There are 212 twelve observations with a malignant diagnosis.
sum(diagnosis == "M")
## [1] 212
table(wisc.df$diagnosis) #alternative method shown in class
##
## B M
## 357 212
**Q3. How many variables/features in the data are suffixed with _mean?**
There are 10 variables in the data that are suffixed with _mean.
length(grep("_mean", colnames(wisc.data)))
## [1] 10
The main function in base R for PCA is prcomp(). It has optional
inputs scale and center.
In general we want to scale and center our data prior to PCA to ensure that each feature contributes equally to the analysis, preventing variables with larger scales from dominating the principal components.

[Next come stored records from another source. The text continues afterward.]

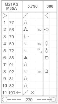 | M21AS M35A 距離:5790m 登り:300m スタート:小道 曲がり 1(77) 沢 2(56) 岩石地 3X2m 西側 3(70) 尾根 4(59) 小凹地 3x3m 南側 5(72) 小凹地 1.5x1m 北側 6(88) 石 北西側 7(91) 沢 8(92) 小凹地 1x1m 南東側 9(81) 沢 10(82) 沢 11(100) 西の小道の分岐 ゴール:テープ誘導 230m |
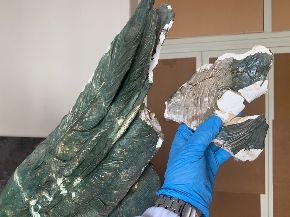 La pulitura. Ecco le immagini delle fasi di stuccatura, incollaggio e pulitura.
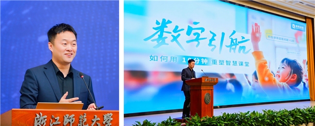 他以课堂场景为切入口,带领与会嘉宾沉浸式体验了数字产品激活课堂、激发学生内驱力的“魔法10分钟”。数字产品深度助力早读、分组、互动、点评、作业等关键环节,实现“小切口”撬动“大变革”的效果,赢得全场参会嘉宾的关注与点赞。他表示,海亮科技一直秉持“生于校园、长于校园”的理念,以“成为数字校园服务新生态的引领者”为美好愿景,致力于研发简单好用的数字化产品,为教师减负增效,帮助学生阳光自驱、全面发展。
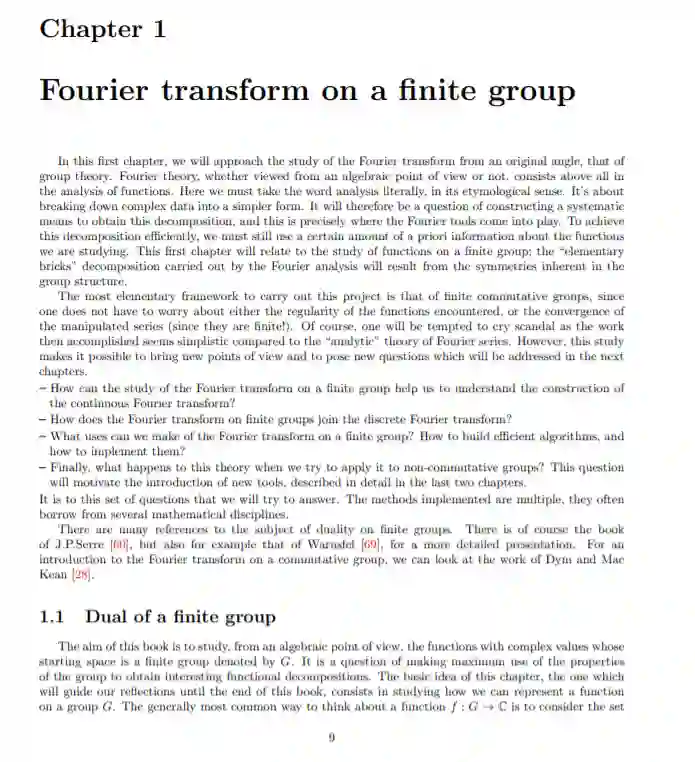 第一章用群论的语言来解释主要概念,并解释后面将用到的符号。第二章将所得结果应用于各种问题,并首次接触快速算法(例如Walsh 变换)。第三章对离散傅里叶变换进行了阐述。第四章介绍了离散傅里叶变换的各种应用,并构成了对前一章的必要补充,以充分理解所涉及的机制以及在实际情况中使用。第五章围绕傅里叶变换提出了更多新颖的思想和算法,产生了大量的应用。第六章需要一些更高级的知识,特别是对有限场理论的一些熟悉。它研究了有限域中的值变换,并给出了在校正码中的应用。最后两章(最困难的一章),具有更多的代数性质,并建议推广已经在有限非交换群的情况下进行的构造。第七章揭示了线性表示的理论。第八章和最后一章将这一理论应用于理论(群的简洁性研究)和实际(光谱分析)领域。
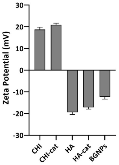 The charge of the polyelectrolytes is the most important parameter for synthesizing polyelectrolyte complexes. Considering distinct possible compositions of CoPEC membranes, we studied the ζ-potential of the polyelectrolytes CHI/CHI–cat and HA/HA–cat as well as the BGNPs. As seen in Figure 3, both CHI and HA were confirmed as weak PEs having the expected positive and negative charges, respectively [26]. The charge of the catechol conjugates did not vary significantly from their unmodified polymers given the aforementioned low modification percentage. As for the BGNPs, they presented a ζ-potential of −12.3 ± 1.03 mV. With this value, attraction forces are stronger than the repulsion, which suggests they will have the tendency to form aggregates [27].

# Check column means and standard deviations
colMeans(wisc.data)
## radius_mean texture_mean perimeter_mean
## 1.412729e+01 1.928965e+01 9.196903e+01
## area_mean smoothness_mean compactness_mean
## 6.548891e+02 9.636028e-02 1.043410e-01
## concavity_mean concave.points_mean symmetry_mean
## 8.879932e-02 4.891915e-02 1.811619e-01
## fractal_dimension_mean radius_se texture_se
## 6.279761e-02 4.051721e-01 1.216853e+00
## perimeter_se area_se smoothness_se
## 2.866059e+00 4.033708e+01 7.040979e-03
## compactness_se concavity_se concave.points_se
## 2.547814e-02 3.189372e-02 1.179614e-02
## symmetry_se fractal_dimension_se radius_worst
## 2.054230e-02 3.794904e-03 1.626919e+01
## texture_worst perimeter_worst area_worst
## 2.567722e+01 1.072612e+02 8.805831e+02
## smoothness_worst compactness_worst concavity_worst
## 1.323686e-01 2.542650e-01 2.721885e-01
## concave.points_worst symmetry_worst fractal_dimension_worst
## 1.146062e-01 2.900756e-01 8.394582e-02
apply(wisc.data,2,sd)
## radius_mean texture_mean perimeter_mean
## 3.524049e+00 4.301036e+00 2.429898e+01
## area_mean smoothness_mean compactness_mean
## 3.519141e+02 1.406413e-02 5.281276e-02
## concavity_mean concave.points_mean symmetry_mean
## 7.971981e-02 3.880284e-02 2.741428e-02
## fractal_dimension_mean radius_se texture_se
## 7.060363e-03 2.773127e-01 5.516484e-01
## perimeter_se area_se smoothness_se
## 2.021855e+00 4.549101e+01 3.002518e-03
## compactness_se concavity_se concave.points_se
## 1.790818e-02 3.018606e-02 6.170285e-03
## symmetry_se fractal_dimension_se radius_worst
## 8.266372e-03 2.646071e-03 4.833242e+00
## texture_worst perimeter_worst area_worst
## 6.146258e+00 3.360254e+01 5.693570e+02
## smoothness_worst compactness_worst concavity_worst
## 2.283243e-02 1.573365e-01 2.086243e-01
## concave.points_worst symmetry_worst fractal_dimension_worst
## 6.573234e-02 6.186747e-02 1.806127e-02
Scaling and centering is advisable with this dataset.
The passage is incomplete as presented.